DocsOrderbook
Learning Path00 Start Here01 Big Picture
IntroductionWhat Is an Order BookBids and AsksSpread and Mid PriceLimit OrdersMarket OrdersDepth and Liquidity
Matching Engine Basics02 Core Domain03 Matching Flow05 Guided Exercises06 Visual Guide07 Why This Design08 Performance Bridge
ArchitectureTechnical ArchitectureUI Notes and Terminal Ideas
Engine Performance NotesPerformance
Milestones
Glossary
LearnTerminal
DocsPerformance

Performance

Benchmark commands, current baselines, and profiling guidance.

Performance

This document records the benchmark and profiling path for the engine.
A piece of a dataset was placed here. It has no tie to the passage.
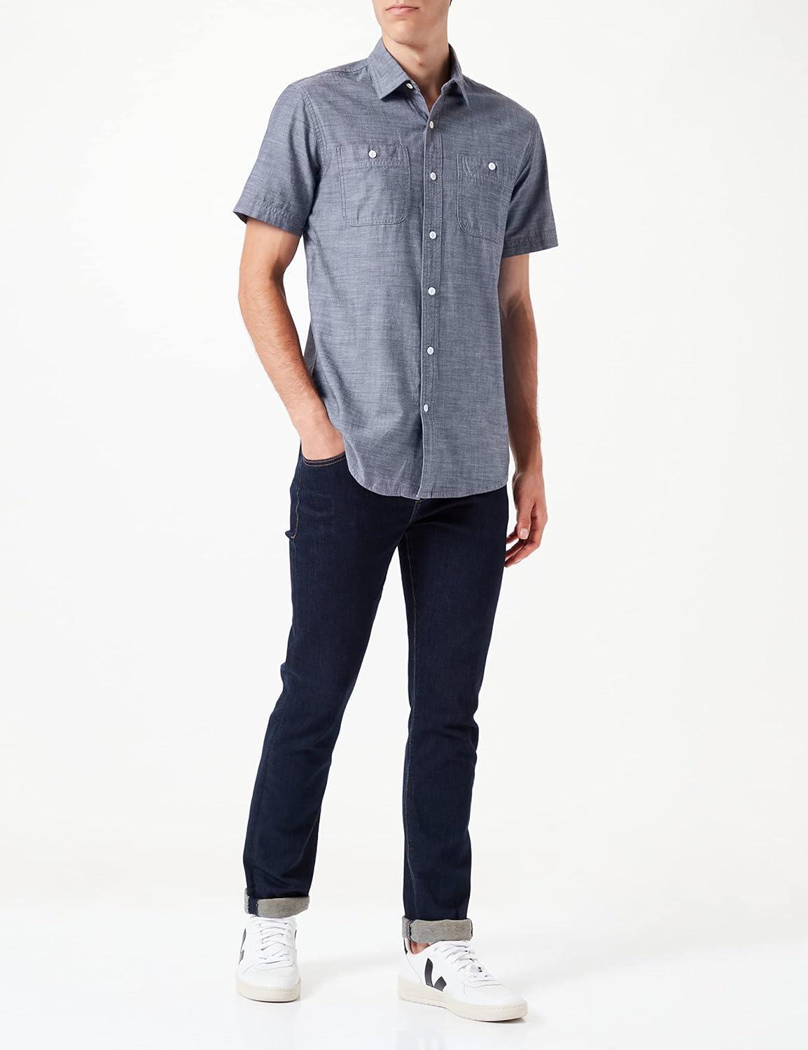 This men's short-sleeve button-down shirt blends comfort and style, making it a perfect addition to your wardrobe for warmer months. Made from lightweight chambray, it offers a breezy yet polished look, ideal for casual outings or as a staple in your collection. Featuring a spread collar and button-up front, this shirt is stylish and suitable for any setting.
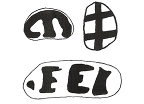 Die Kiesel von Mas d'Azil (Südfrankreich) aus der Mittelsteinzeit ähneln bisweilen verblüffend unseren Alphabetbuchstaben. Doch die äußere Form von Zeichen ist keineswegs ein zuverlässiges Schriftmerkmal. Zur Schrift werden Zeichen erst dann, wenn sie sich nach einer festgelegten Systematik wiederholen. Dies ist bei den bemalten Kieseln von Mas d'Azil nicht der Fall; es handelt sich fast ausschließlich um Unikate. Außerdem ist die Ähnlichkeit mit unseren Buchstaben, die sich erst sehr viel später in einer langen Metamorphose von der nordsemitischen über die phönizische, griechische und etruskische zur lateinischen Schrift herausbilden, natürlich reiner Zufall.

For the structural explanation of the matching engine through a performance lens, read `docs/engine-performance.md`.

Benchmark command

Run:

  • cargo bench --bench throughput -- --sample-size 10
  • cargo bench --bench price_level_prototypes -- --sample-size 10

For a lightweight local profile wrapper:

  • ./scripts/profile_bench.sh

On macOS the helper uses /usr/bin/time -l; on Linux it uses /usr/bin/time -v.

Current baseline

The most recent local benchmark pass produced approximately:

  • submit_resting_limit_orders: 7.80 ms to 7.83 ms
  • cross_seeded_book: 395.8 µs to 396.9 µs
  • cancel_populated_book: 4.00 ms to 4.02 ms
  • sweep_single_price_fifo: 8.02 ms to 8.04 ms

The benchmark suite also includes lean-path comparisons:

  • submit_resting_limit_orders_minimal
  • submit_resting_limit_orders_minimal_no_invariants
  • cross_seeded_book_minimal
  • cross_seeded_book_minimal_no_invariants
  • cancel_populated_book_minimal
  • cancel_populated_book_minimal_no_invariants
  • cancel_deep_single_price_level
  • cancel_deep_single_price_level_minimal
  • cancel_deep_single_price_level_minimal_no_invariants

The repository also includes prototype-only price-level structure comparisons:

  • prototype_enqueue_vecdeque_1000
  • prototype_enqueue_slab_1000
  • prototype_enqueue_dense_1000
  • prototype_fifo_sweep_vecdeque_1000
  • prototype_fifo_sweep_slab_1000
  • prototype_fifo_sweep_dense_1000
  • prototype_deep_cancel_vecdeque_1000
  • prototype_deep_cancel_slab_1000
  • prototype_deep_cancel_dense_1000

Allocation profile

The most recent ./scripts/profile_bench.sh run on macOS reported approximately:

  • maximum resident set size: 57.1 MB
  • peak memory footprint: 38.7 MB
  • retired instructions: 895M
  • elapsed cycles: 275M
  • wall time for the full benchmark suite: 38.0 s

These are whole-suite numbers, not per-benchmark isolated allocations. They are useful for regression tracking, not for attributing one code path precisely.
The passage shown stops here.